→ Data supplied
-------------------------
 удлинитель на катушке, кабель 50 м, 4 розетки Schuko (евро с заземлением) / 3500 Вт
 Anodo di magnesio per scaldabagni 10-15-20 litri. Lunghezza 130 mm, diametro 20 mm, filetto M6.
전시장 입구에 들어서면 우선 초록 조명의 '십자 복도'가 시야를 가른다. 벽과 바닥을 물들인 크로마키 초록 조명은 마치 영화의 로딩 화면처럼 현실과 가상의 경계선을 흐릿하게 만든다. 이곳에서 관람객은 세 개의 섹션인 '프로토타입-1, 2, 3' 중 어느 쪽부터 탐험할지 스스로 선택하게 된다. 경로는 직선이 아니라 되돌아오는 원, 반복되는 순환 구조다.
-------------------------
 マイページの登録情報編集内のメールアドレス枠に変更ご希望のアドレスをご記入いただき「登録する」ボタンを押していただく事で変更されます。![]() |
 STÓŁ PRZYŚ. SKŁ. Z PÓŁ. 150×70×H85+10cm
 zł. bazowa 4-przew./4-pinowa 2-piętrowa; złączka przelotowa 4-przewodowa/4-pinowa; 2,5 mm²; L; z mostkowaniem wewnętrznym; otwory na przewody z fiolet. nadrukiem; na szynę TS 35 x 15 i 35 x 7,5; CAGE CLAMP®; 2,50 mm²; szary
-------------------------
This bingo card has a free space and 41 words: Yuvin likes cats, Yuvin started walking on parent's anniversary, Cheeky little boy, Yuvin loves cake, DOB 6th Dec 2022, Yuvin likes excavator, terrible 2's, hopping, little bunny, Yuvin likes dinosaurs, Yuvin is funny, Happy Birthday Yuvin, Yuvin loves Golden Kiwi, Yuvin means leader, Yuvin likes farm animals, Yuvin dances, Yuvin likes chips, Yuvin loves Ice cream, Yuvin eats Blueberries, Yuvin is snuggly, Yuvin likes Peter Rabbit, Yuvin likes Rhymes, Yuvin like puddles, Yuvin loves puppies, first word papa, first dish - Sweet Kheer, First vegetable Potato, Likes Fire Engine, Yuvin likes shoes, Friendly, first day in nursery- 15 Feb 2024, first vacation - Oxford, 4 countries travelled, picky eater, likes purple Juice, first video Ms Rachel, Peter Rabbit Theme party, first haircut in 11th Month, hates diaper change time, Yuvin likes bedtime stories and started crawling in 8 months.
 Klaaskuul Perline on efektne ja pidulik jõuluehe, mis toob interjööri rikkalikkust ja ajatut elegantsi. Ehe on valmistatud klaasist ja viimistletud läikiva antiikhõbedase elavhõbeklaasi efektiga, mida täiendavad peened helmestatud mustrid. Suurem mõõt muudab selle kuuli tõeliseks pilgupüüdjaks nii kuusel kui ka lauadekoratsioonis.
-------------------------
→ Directions for this task
Would you output, from the records above, exactly the run of lines that starts at the line containing "STÓŁ PRZYŚ. SKŁ. Z PÓŁ. 150×70×H85+10cm" and ends at the line containing "zł. bazowa 4-przew./4-pinowa", and only that run?

→ Response box
 STÓŁ PRZYŚ. SKŁ. Z PÓŁ. 150×70×H85+10cm
 zł. bazowa 4-przew./4-pinowa 2-piętrowa; złączka przelotowa 4-przewodowa/4-pinowa; 2,5 mm²; L; z mostkowaniem wewnętrznym; otwory na przewody z fiolet. nadrukiem; na szynę TS 35 x 15 i 35 x 7,5; CAGE CLAMP®; 2,50 mm²; szary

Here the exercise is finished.